Steven Sund was in charge as last Wednesday’s protest turned deadly at the U.S. Capitol, and according to an interview with The Washington Post, he had asked his superiors for permission to have backup long before events took a deadly turn.

“If we would have had the National Guard we could have held them at bay longer, until more officers from our partner agencies could arrive,” Sund, who resigned Friday amid the fallout, told The Washington Post in the piece published Sunday.

Sund reportedly asked House and Senate security officials last Monday for permission to request the National Guard to be at the ready if needed as thousands descended on Washington, D.C. to rally for President Donald Trump as Congress began to certify the Electoral College votes.

(Image: Fox News screenshot)

However, House Sergeant at Arms Paul Irving was allegedly not comfortable with the “optics” of what appeared to be an emergency before the January 6 protests had even begun. Sund told The Post that Senate Sergeant-at-Arms Michael Stenger recommended he should informally ask his contacts at the Guard to “lean forward” and be at the ready.

Sund indicated that a call to the head of the D.C. National Guard led to an understanding that about 125 personnel could be deployed swiftly if needed. An offer to help from the Metropolitan Police Department, along with the National Guard backup, seemed sufficient to Stenger, according to Sund who said he had briefed him as well as Irving after his calls.

Like Sund, Irving and Stenger have since resigned from their posts.

The former Capitol Police chief told The Post that he requested assistance ahead of the protest six times, and was either denied or the response was delayed.

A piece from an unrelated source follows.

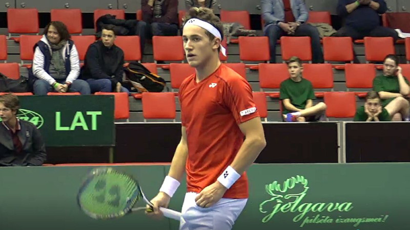 Deivisa kausa izcīņas Eiropas/Āfrikas zonas otrās grupas pirmajā kārtā Latvijas un Norvēģijas cīņās tikās Mārtiņš Podžus un Kaspers Rūds, kurš apliecināja savu favorīta statusu, uzvarot trijos setos 6:3, 6:1 un 7:5 un izvirzot vadībā norvēģus.Piedāvājam jūsu uzmanībai cīņas momentus

“If we would have had the National Guard we could have held them at bay longer, until more officers from our partner agencies could arrive,” he said.

It wasn’t until 5:40 p.m. when the National Guard finally did arrive at the Capitol, but by then,  security had been breached and four people had died, according to The Washington Post. Last week, officials at the Pentagon contended that Capitol Police had not requested backup from the D.C. National Guard before Wednesday, and had only made an emergency request as a mob breached the building.

“We rely on Capitol Police and federal law enforcement to provide an assessment of the situation,” Pentagon spokesman Jonathan Hoffman reportedly said. “And based on that assessment that they had, they believed they had sufficient personnel and did not make a request.”

In a conference call with law enforcement officials after 2 p.m. Wednesday, as Sund told the newspaper he asked the Pentagon for backup, Senior Army official Lt. Gen. Walter E. Piatt reportedly said, “I don’t like the visual of the National Guard standing a police line with the Capitol in the background.”

Capitol Police did get Vice President Mike Pence, the lawmakers and journalists inside the building to safety, and Sund praised their efforts in a statement last week.

“USCP officers and our law enforcement partners responded valiantly when faced with thousands of individuals involved in violent riotous actions as they stormed the United States Capitol Building,” he said.

But he recounted the chaos of the moment to The Post.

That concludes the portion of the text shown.